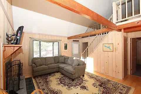 Discover the perfect blend of luxury and nature in this exquisite 3-bedroom, 2-bath rental. Surrounded by lush trees and natural beauty, every room is adorned with stunning natural wood. The lower level features 2 bedrooms, a full bath, a laundry area, a cozy living room with a wood fireplace, and a kitchen with a sliding door leading to a wrap-around deck. The second floor boasts a charming third bedroom loft and a second full bathroom. Recently renovated and cleaned, this home includes access to the Paupackan Lake and is just a short drive from local hiking trails. Only 2.2 hours from NYC, this is a must-see gem!
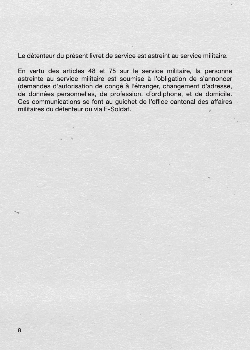 Le système militaire suisse est organisé sur le principe d’une armée de milice, ce qui fait que la plupart des soldats ne sont pas des professionnels. Chacun doit posséder un livret de service (Dienstbüchlein en allemand) qui retrace son parcours depuis le premier jour de son recrutement jusqu’aux multiples spécialisations et promotions qu’il acquiert en cours de route. Ce livret décrit également le fonctionnement des forces armées à un moment donné, avec des instructions détaillées sur les tâches militaires et le recours aux divers éléments de l’équipement militaire.
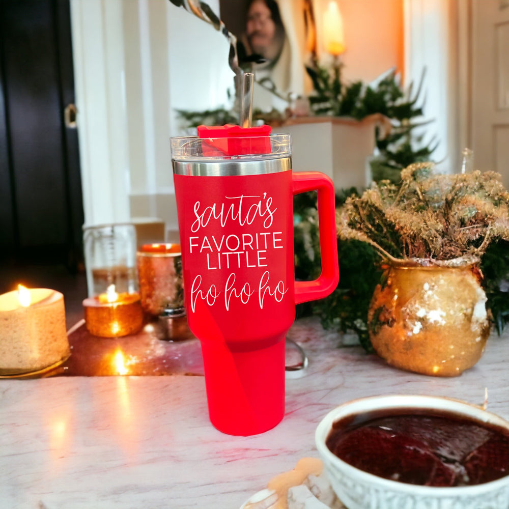 Introducing Santa's Fav Ho—the perfect mug for the most delightful (and naughty) of holiday celebrations! This amusing 40oz tumbler is sure to make your holiday extra special—ho ho ho!
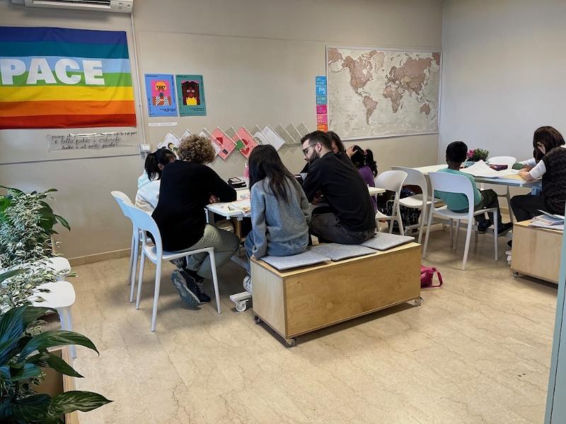 La riqualificazione è completata da arredi flessibili e mobili, come tavoli leggeri con piano ribaltabile e panche su ruote utilizzabili anche all’esterno, che fungono sia da sedute sia da contenitori per zaini e materiali. Questa configurazione favorisce un uso dinamico dello spazio, l’autonomia dei ragazzi e un ambiente più ordinato e funzionale per le attività educative.
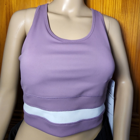 Has a tiny pen Mark Brand new Never worn Season:Spring 2022 Missy sport BRA 85 polyester 15 spandex Removable Demi cups Printed interlock BRA with mesh.
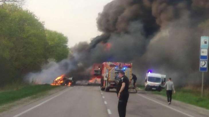 Внаслідок зіткнення пасажирського автобуса з бензовозом сталося загорання. О 20:13 пожежу локалізовано, о 20:35 - ліквідовано, повідомили в МВС України.
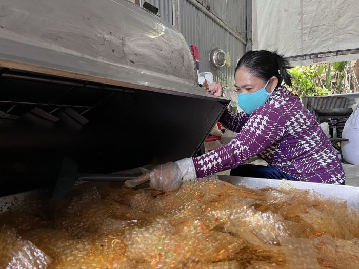 Chị Lương Dung (61 tuổi) ở phường Hiệp Tân, thị xã Hòa Thành làm nội trợ trong gia đình cho biết: “Mỗi khi đơn hàng nhiều, chị Hoàng thường gọi tôi đến phụ giúp. Tôi thường cắt bánh tráng, vào các gói gia vị. Có khi khâu nào chưa hoàn thành tôi làm ở khâu đó. Thu nhập được trả theo số lượng sản phẩm hoàn thành, thường tôi cũng được khoảng 150 nghìn/ngày”. Chính nhờ công việc thời vụ này đã giúp chị có thêm khoảng thu nhập để tiết kiệm cho gia đình.
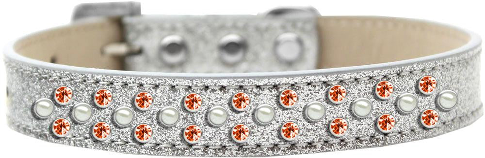 Sprinkles Ice Cream Dog Collar Pearl and Orange Crystals Size 12 Silver
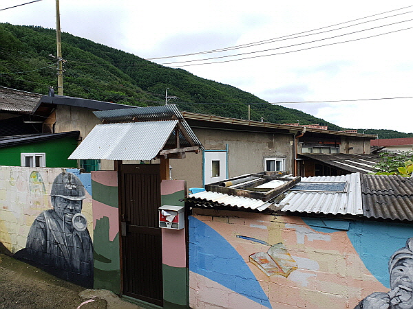 아주 허름한 무슨 사무실처럼 생긴 건물은 과거 탁아소였어요. 이 탁아소는 대한석탄공사 함백광업소와 연관된 건물이었어요. 이 동네 주민들 대부분이 함백광업소에서 근무하던 사람들이었어요. 여기에서 거주하던 사람들의 자녀들이 가던 탁아소 건물이었어요. 동네를 돌아다니며 대한석탄공사 함백광업소와 직접적으로 연관된 건물은 발견하지 못하고 있었어요. 만약 설명과 사전지식, 그리고 동네 입구에 있는 추모비와 벽화가 없었다면 여기가 탄광촌인 줄 몰랐을 거에요. 그만큼 과거 탄광의 흔적은 거의 다 지워져 있었어요. 낡은 옛 탁아소 건물은 안내 같은 것은 없었지만 몇 남지 않은 소중한 과거 탄광촌의 흔적이었어요.
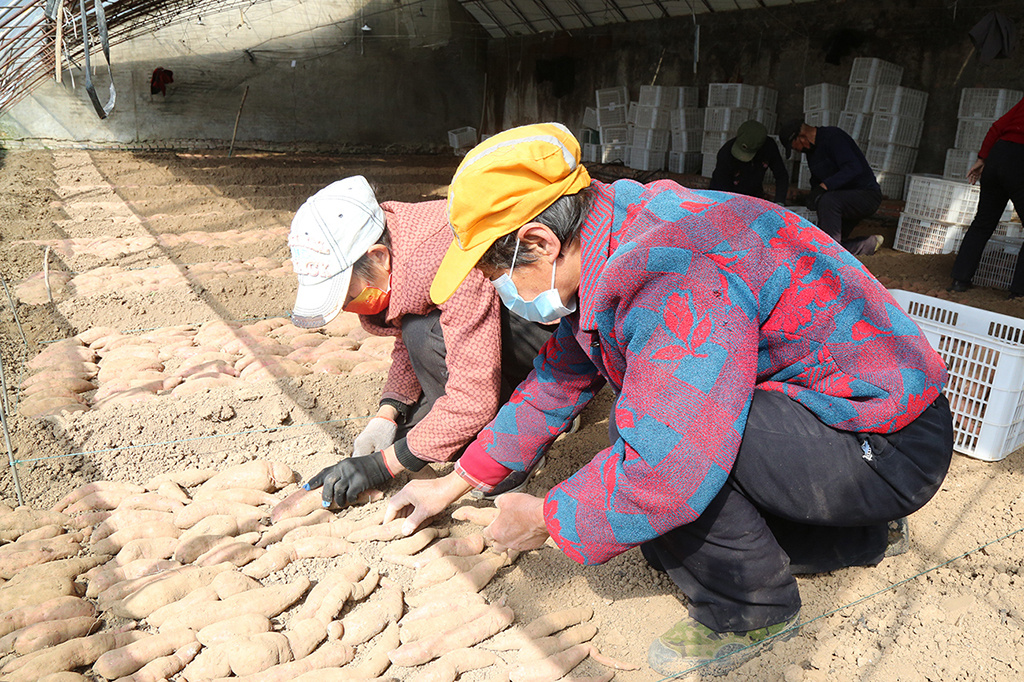 “當(dāng)前,我們正在進行‘神農(nóng)1號’紅薯的排種,該品種具有萌芽性好,結(jié)薯集中整齊,口感香甜的優(yōu)點,畝產(chǎn)可達到5000—6000斤,極大地提升了紅薯的產(chǎn)量?!睂I(yè)合作社負責(zé)人王飛介紹道。
- - - -
◆ What to work on: Reproduce verbatim, and only, the lines starting at the one that contains "Sprinkles Ice Cream" and ending with the final line of the records; leave out the pictures.

◆ Answer to this exercise:
 Sprinkles Ice Cream Dog Collar Pearl and Orange Crystals Size 12 Silver
 아주 허름한 무슨 사무실처럼 생긴 건물은 과거 탁아소였어요. 이 탁아소는 대한석탄공사 함백광업소와 연관된 건물이었어요. 이 동네 주민들 대부분이 함백광업소에서 근무하던 사람들이었어요. 여기에서 거주하던 사람들의 자녀들이 가던 탁아소 건물이었어요. 동네를 돌아다니며 대한석탄공사 함백광업소와 직접적으로 연관된 건물은 발견하지 못하고 있었어요. 만약 설명과 사전지식, 그리고 동네 입구에 있는 추모비와 벽화가 없었다면 여기가 탄광촌인 줄 몰랐을 거에요. 그만큼 과거 탄광의 흔적은 거의 다 지워져 있었어요. 낡은 옛 탁아소 건물은 안내 같은 것은 없었지만 몇 남지 않은 소중한 과거 탄광촌의 흔적이었어요.
 “當(dāng)前,我們正在進行‘神農(nóng)1號’紅薯的排種,該品種具有萌芽性好,結(jié)薯集中整齊,口感香甜的優(yōu)點,畝產(chǎn)可達到5000—6000斤,極大地提升了紅薯的產(chǎn)量?!睂I(yè)合作社負責(zé)人王飛介紹道。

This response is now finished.